Dataset records
⟨
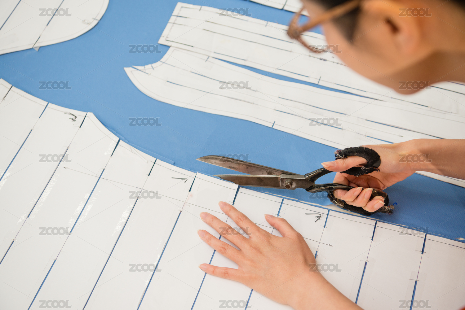 服装设计与沿手绘图稿纸布设计纸板剪的特写照片修剪物理尺寸设计的办公桌前工作新的产品格局。
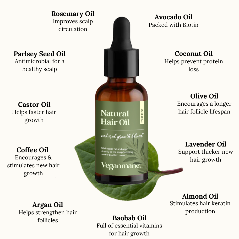 Our plant powered blend is packed with carefully sourced, potent natural oils that work in tandem to target hair growth holistically.
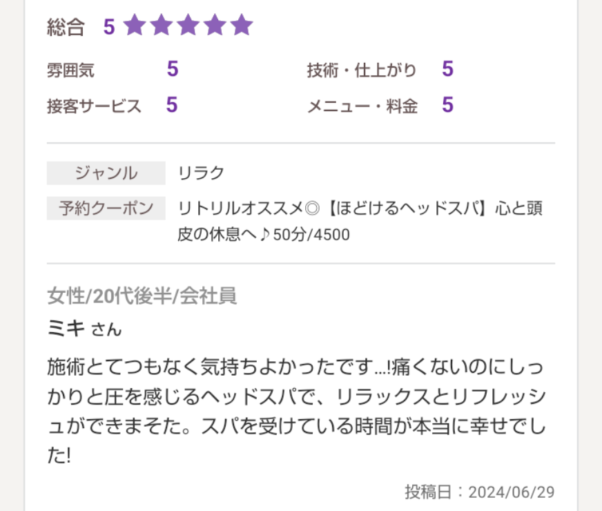 先日嬉しい出来事が!!ホットペッパーの口コミをいただきました。
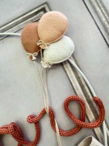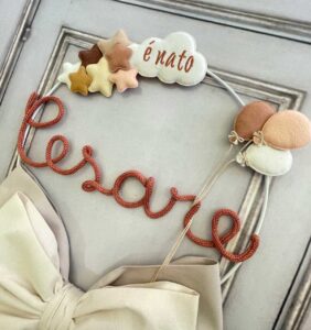 Il fiocco presenta un cerchio in metallo bianco decorato con soggetti in pannolenci, al centro il nome del bimbo in tricotin marrone e un tenero leoncino tridimensionale realizzato con la tecnica amigurumi, per un effetto originale e delicato.
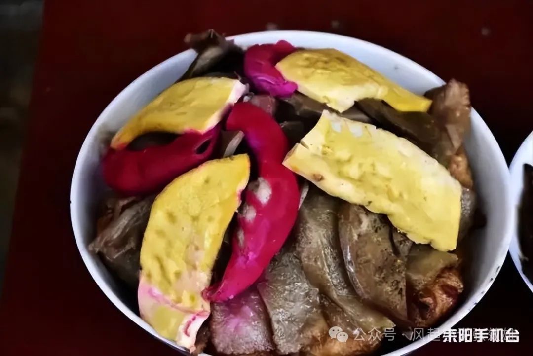 红喜宴会按正规宴席标准预备几桌,送给新妇的娘家和接亲娘,称为"嫁菜"。宴席上吃剩的菜,客人不能带走,最后全部倒在一起分给邻里,叫"贺菜"。白事宴不会将整桌的菜送人的,开宴前,主家的管事会发给每人一匹荷叶,来客一般只喝点汤水和配菜,席间推举一人将上席的团子肉、坨坨鱼、豆腐方等菜,逐一分给大家用荷叶打包带走,统称"戒菜"。在耒阳,赴白事宴的代名词就成了"打包礼"。这些风俗,如今乡间办大事时还流行,餐馆里就不会有了。
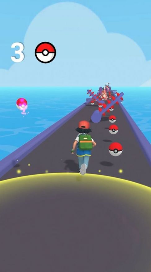 2、跑道上不仅有精灵球,还有非常多的宠物精灵,需要你更好的收集道具。
⟩
• _What you are asked to do_
Beginning with the line that has "Our plant powered", repeat each remaining line of the data above word for word, keeping pictures out.

• _Written response_
 Our plant powered blend is packed with carefully sourced, potent natural oils that work in tandem to target hair growth holistically.
 先日嬉しい出来事が!!ホットペッパーの口コミをいただきました。
 Il fiocco presenta un cerchio in metallo bianco decorato con soggetti in pannolenci, al centro il nome del bimbo in tricotin marrone e un tenero leoncino tridimensionale realizzato con la tecnica amigurumi, per un effetto originale e delicato.
 红喜宴会按正规宴席标准预备几桌,送给新妇的娘家和接亲娘,称为"嫁菜"。宴席上吃剩的菜,客人不能带走,最后全部倒在一起分给邻里,叫"贺菜"。白事宴不会将整桌的菜送人的,开宴前,主家的管事会发给每人一匹荷叶,来客一般只喝点汤水和配菜,席间推举一人将上席的团子肉、坨坨鱼、豆腐方等菜,逐一分给大家用荷叶打包带走,统称"戒菜"。在耒阳,赴白事宴的代名词就成了"打包礼"。这些风俗,如今乡间办大事时还流行,餐馆里就不会有了。
 2、跑道上不仅有精灵球,还有非常多的宠物精灵,需要你更好的收集道具。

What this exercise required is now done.